In 2004 he became head of Scientific Research at the Council of Architects of the Russian Federation, responsible for urban planning.

In 2021 he became a member of the Russian Academy of Architectural and Construction sciences. He joined its governing body and was one of the advisors to its president. He was appointed head of the Scientific Research Council of the academy.

His main areas of focus were the spatial organisation of human settlements on a given territory, the planning and  design of urban spaces and the creation of a regulatory and legal framework for urban planning, harmonisation of technological standards and methods, as well as the advancement of the importance of a scientific approach to planning and design.

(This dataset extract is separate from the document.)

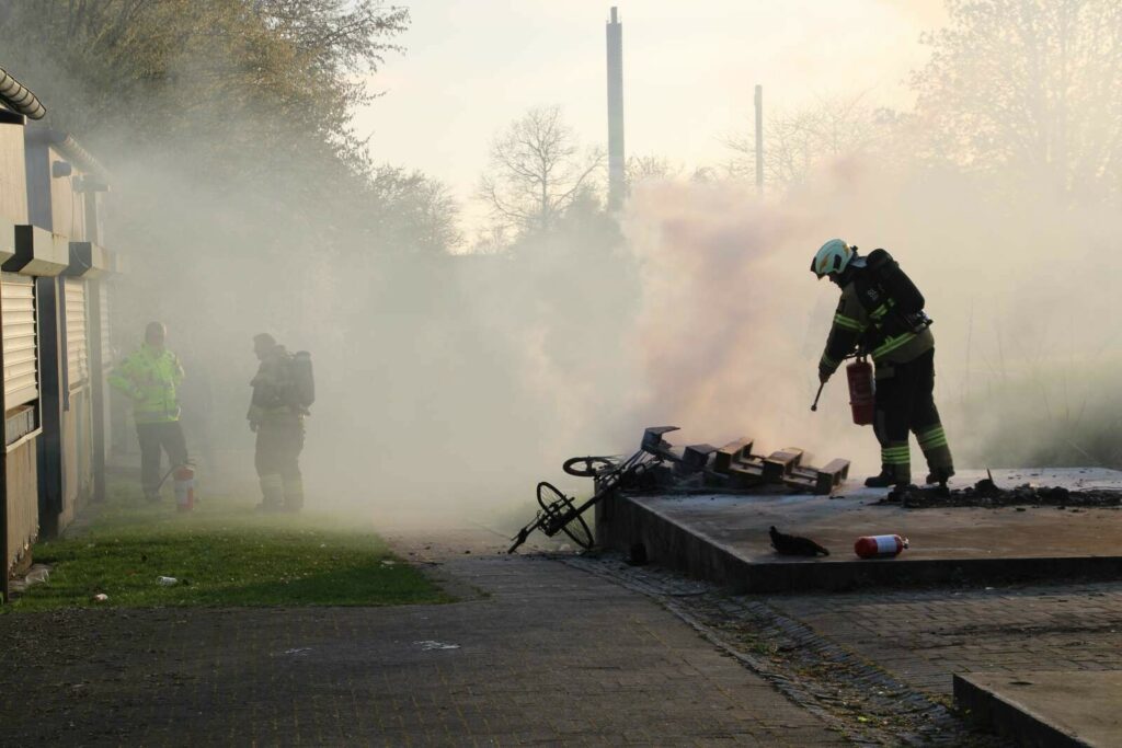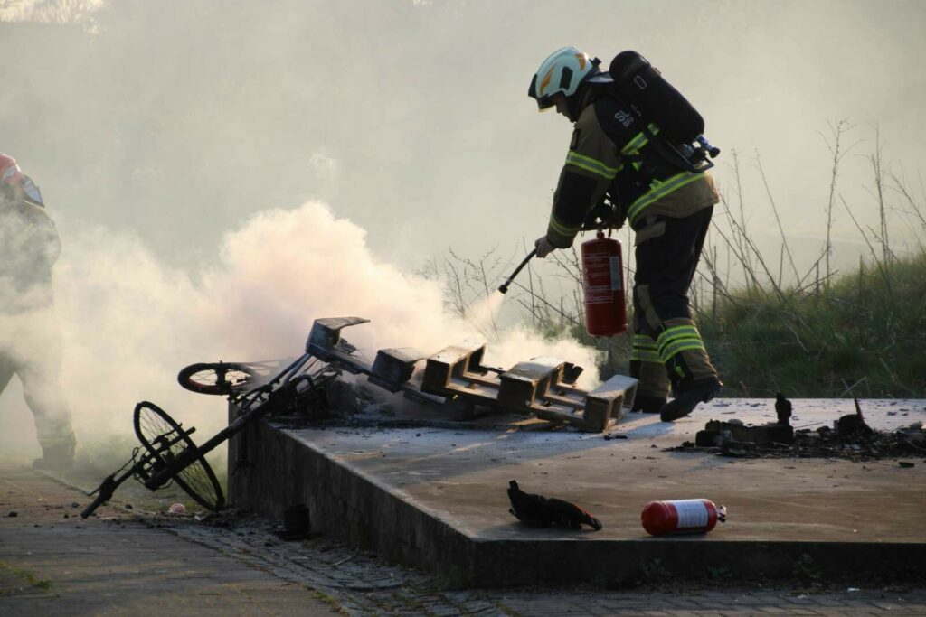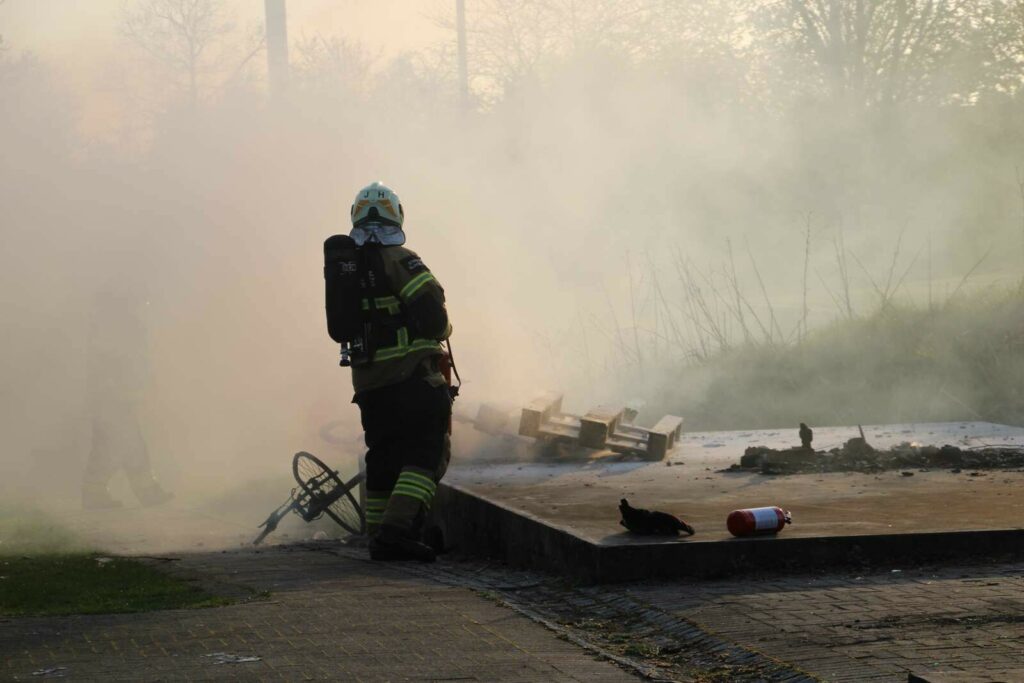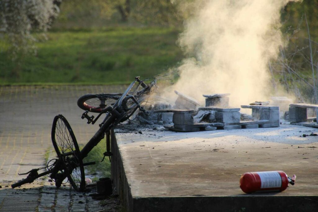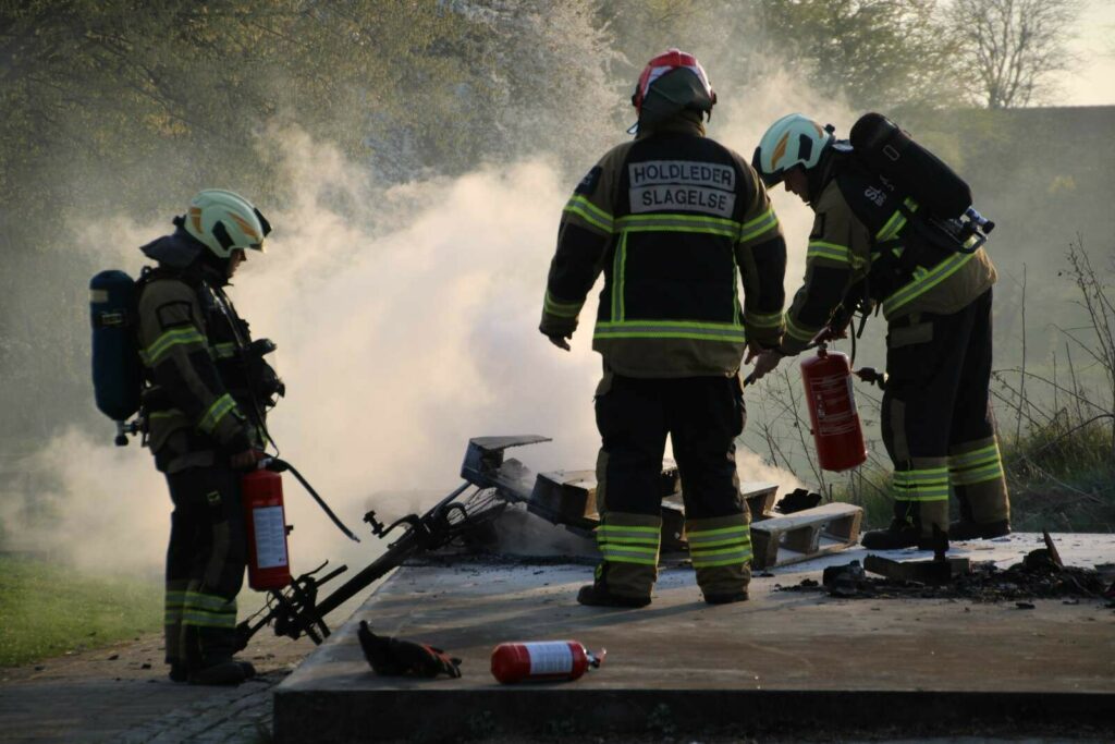 Politiet og brandvæsenet var søndag aften til stede på Albert Ibsens Vej i Slagelse efter en anmeldelse om ild i paller og en cykel ved et træhus.

Yusin's colleagues described him as an 'irreplaceable' specialist.

== Main works ==
His most important projects, which he either lead, organised or supervised include:

- The design of a general scheme of urban settlement for the territory of the USSR in the years 1973-1986
- The design of the urban development of the North-Western, Central and Far Eastern parts of Russian SSR, as well as the development of the territories in the Volga-Vyatka Economic Region (1975–1986);
- Urban planning of Moscow and Moscow region (1988–2016).
- The design of a general plan for the city of Moscow; the design of separate zones within the territory of Moscow (1988–2016);
- The design of laws, rules and regulations on urban planning in the city of Moscow, including the design of the 'Urban Planning Code of the city of Moscow'. He is one of the main authors of the "Standards and Rules for Designing the General Plan and the Development of Moscow MGSN 1.01–99" (MGSN 1.01–99), approved by the Resolution of the Government of Moscow on January 25, 2000, No. 49. This document has become the most scientifically sound and universal guide in the field of planning and development of Moscow over the past fifty years, manifesting an original approach to the planning of design;
- The design of the Urban Planning Doctrine of the Russian Federation (2011–2021);
- The design of an all Russian Federation strategy for organising urban spaces and the interaction between them (2010–2021);
- A series of works in 2021-2022 forecasting the future path of urbanisation within the  Russian Federation, prepared as part of a research programme run by the Ministry for Building, Housing and Planning Safety of Russia and the Russian Academy of Architectural and Construction Sciences, with recommendations on changes needed to the legal framework for urban planning and zoning within cities and regions.